# My upgraded French press setup...



## Wajid (Apr 24, 2018)

Not so much to show off at the moment being a humble French-presser at the moment, but I'm really happy with the new setup as you can see below...









You can just about see the Kinu M47 grinder there at the back. It's the most awesome piece of coffee kit ever, and my first grinder. I'll post more about it in the grinder section later. Not shown here is the Espro-P7 French press - which is most awesome.
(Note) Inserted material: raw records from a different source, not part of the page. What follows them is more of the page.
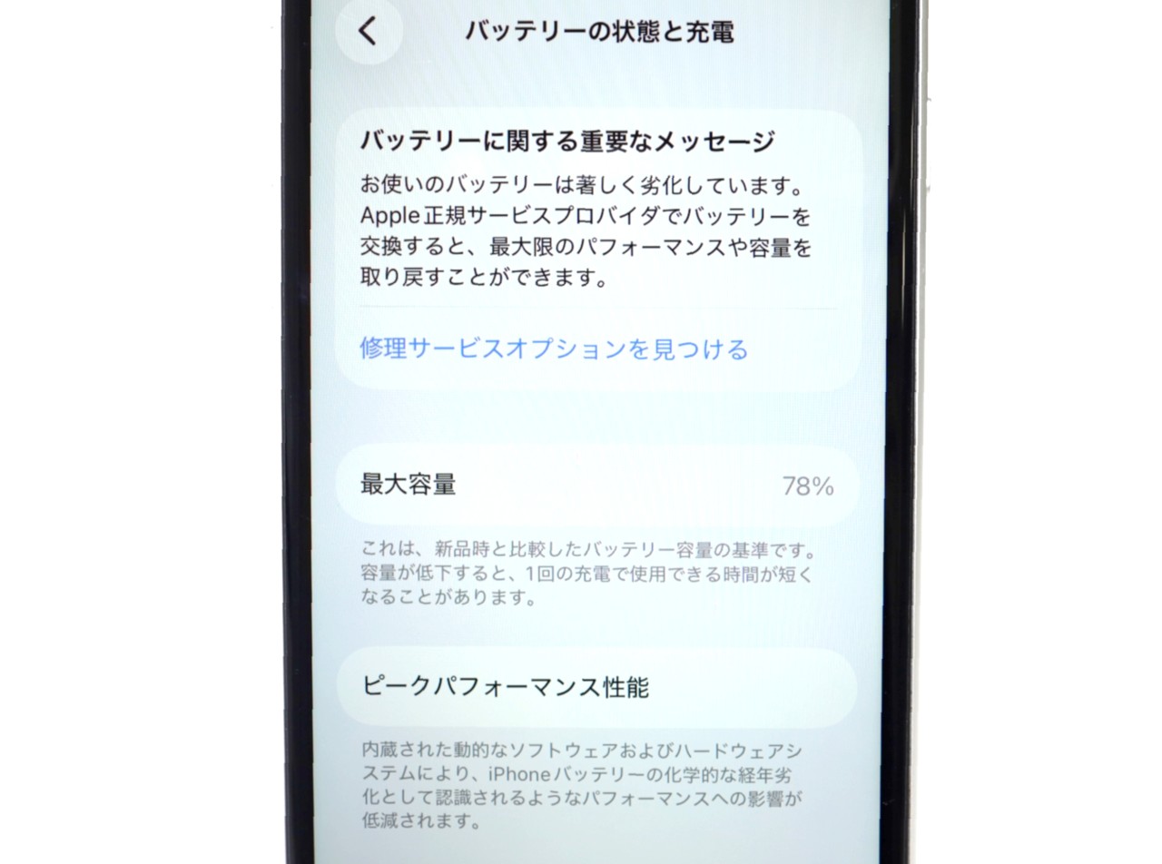 バッテリー最大容量=78% IMEIチェック=au【◯】
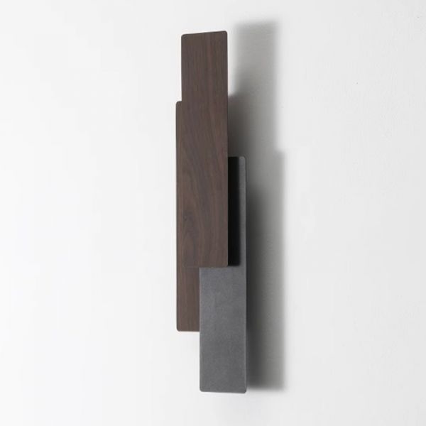 Geometric LED Wall Sconce, Linear Metal Ambient Light with Wood Grain Finish for Hallway Bedroom - 110V-120V Walnut 15"
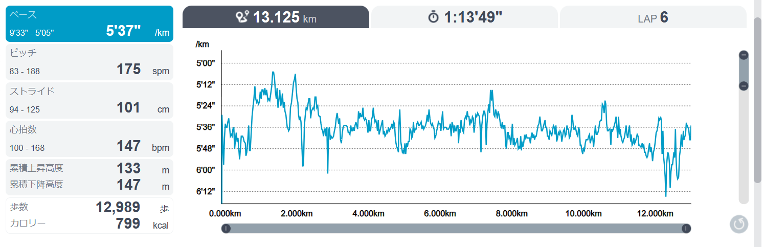 10時半から13キロのランニング。
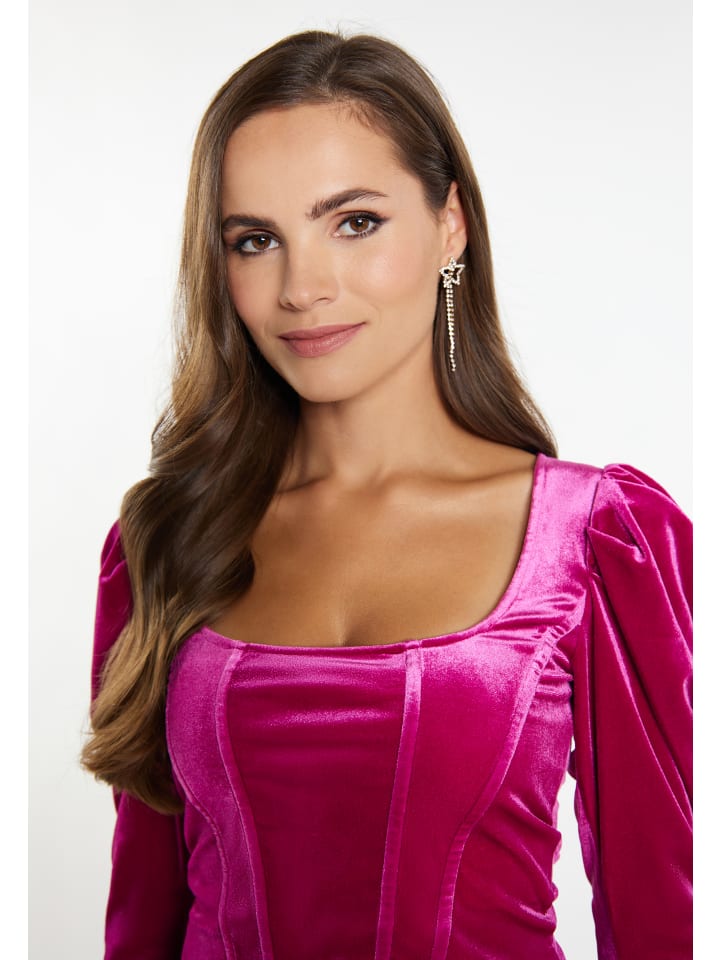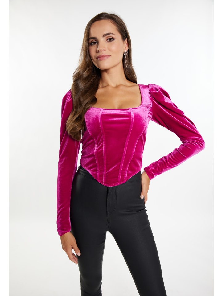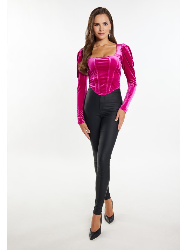 Этот топ от Faina, выполненный в стиле корсета из мягкого эластичного бархата, облегает фигуру. Длинные рукава с буфами на плечах, а квадратный вырез создает глубокое декольте. Закругленный, острый подол эффектно подчеркивает форму корсета.

I've already taken my first steps at comparing: pre-ground VS freshly-ground, and supermarket-roasted VS freshly-roasted. In the process I've learnt about the variables I can adjust to get the brew right (the kit in the new setup allows consistency and accuracy to greater degree). Brew temperature, grind size (ish), coffee dose and ratio to water, brewing time.

I find that freshly-roasted and ground beans are easier to 'learn' and much more forgiving because the flavours are like a massive party in the mouth. However, the supermarket-roasted (probably last year) beans are like being at the funeral of a very distant relative. And so on...


----------



## MWJB (Feb 28, 2012)

Cool, French press can be as good a method as any


----------



## Jony (Sep 8, 2017)

Oh that is some yummyness grinder. I can see very clearly, how is that beast?


----------



## Wajid (Apr 24, 2018)

Jony said:


> Oh that is some yummyness grinder. I can see very clearly, how is that beast?


Oh it's definitely a beast - but wow how easy and awesome to use! I cant really compare the grinds to anything yet, but I wondered if this might be informative:


----------



## xpresso (Jan 16, 2018)

Wajid said:


> Not so much to show off at the moment being a humble French-presser at the moment, but I'm really happy with the new setup as you can see below...
> 
> View attachment 33941
> 
> ...


Very neat and tidy, something missing ?.

Jon.


----------



## Wajid (Apr 24, 2018)

My second cup :'( haha


----------